Since he conducts his research in a computational lab, Pe'er and his
colleagues have not yet used their method in a sequencing project, but
have received interest from others in the approach, he said.
Multiplexed Carrier Testing
Apart from sequencing clone libraries, the Cold Spring Harbor
researchers are also about to test their new method in a project that
involves genotyping large numbers of human samples.

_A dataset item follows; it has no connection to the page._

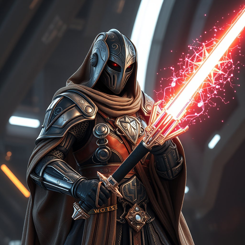A cybernetic medieval knight mage adorned in intricate, futuristic robes with shimmering patterns, wielding a radiant, ethereal weapon that glows with mystic energy, set against a sci-fi backdrop; the armor intricately blends ancient aesthetics with high-tech elements, capturing a photorealistic and cinematic style, the atmosphere charged with an aura of arcane power amidst advanced technology.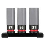 MILWAUKEE SHOCKWAVE Impact Duty 1/2 Drive 6 Point Lug Nut Wheel Sockets feature the Most Durable, Non-Marring Sleeve to protect rims during tire changes. The ARMOR-GUARD Sleeve is made with premium, durable plastic for Lasting Protection against cracking or shredding during wheel installation and removals. The sockets are thin-walled for easy access in tight wheel assemblies and feature a non-marring plastic insert to protect lug nuts during use. The sleeves are color-coded, Gray for Metric sizes and Red for SAE sizes, to ensure easier socket selection while also featuring stamped & ink filled sizes for the Boldest, Longest Lasting markings. Milwaukee sockets are engineered with high strength forged steel for optimized performance in heavy-duty applications. The dual-hole design and ring groove allow for easy socket attachment and removal. MILWAUKEE SHOCKWAVE Impact Duty Lug Nut Wheel Sockets are optimized for use with 1/2″ drive impact wrenches, drivers, ratchets, and adapters and meet ASME industry standards for thin-walled sockets.

In collaboration with Dor Yeshorim, a New York-based organization
that aims to prevent genetic diseases in participating orthodox Jewish
communities, the researchers plan to analyze several thousand
previously characterized human samples in order to determine their
carrier state for certain genetic diseases
According to Erlich, Dor Yeshorim represents one of the largest
genetic centers in North America, processing more than 20,000 samples
per year. Ashkenazi and Sephardic Jews have an increased risk for being
carriers of a number of recessive genetic disorders, such as Tay-Sachs
disease or cystic fibrosis, and Dor Yeshorim offers members of
participating orthodox Jewish communities with a large percentage of
such carriers to genotype them as young adults.
The organization does not report back the results, but instead
provides participants with a number that encodes the carrier state.

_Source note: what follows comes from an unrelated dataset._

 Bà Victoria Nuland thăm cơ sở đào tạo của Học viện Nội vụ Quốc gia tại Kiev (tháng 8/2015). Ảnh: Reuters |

Only if two participants want to get married do they submit their
numbers to the organization to find out whether or not their children
are likely to develop a recessive genetic disease, or whether they are
"compatible or incompatible for the marriage," according to Erlich.
Since the program was started in the 1980s, it has helped to nearly
eliminate Tay-Sachs disease in participating communities, he said.

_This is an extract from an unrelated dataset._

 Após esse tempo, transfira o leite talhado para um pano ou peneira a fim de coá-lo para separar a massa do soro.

Under their collaboration, Cold Spring Harbor will analyze several
thousand previously characterized samples provided by Dor Yeshorim and
assess whether or not they are carriers for certain genetic diseases.
"The vision is to take 10 loci, 8,000 specimens, [and] sequence them in
one Illumina run," Erlich said. The panel of genes to be tested could
be increased in the future, he added.
One part of the project is to validate the new method, and to
compare the sequencing-based results to those derived from standard
genotyping. Another part will be to identify new causative mutations in
cases where a disease allele is known to exist but the precise mutation
is unknown, according to Hannon.
Another possible application of the multiplexed sequencing method is
in HLA testing, according to the researchers, although this will be
more difficult because the state of both alleles in the genome needs to
be inferred, and because complex haplotypes need to be reconstructed
from short reads. "Theoretically, it should be feasible," Erlich said.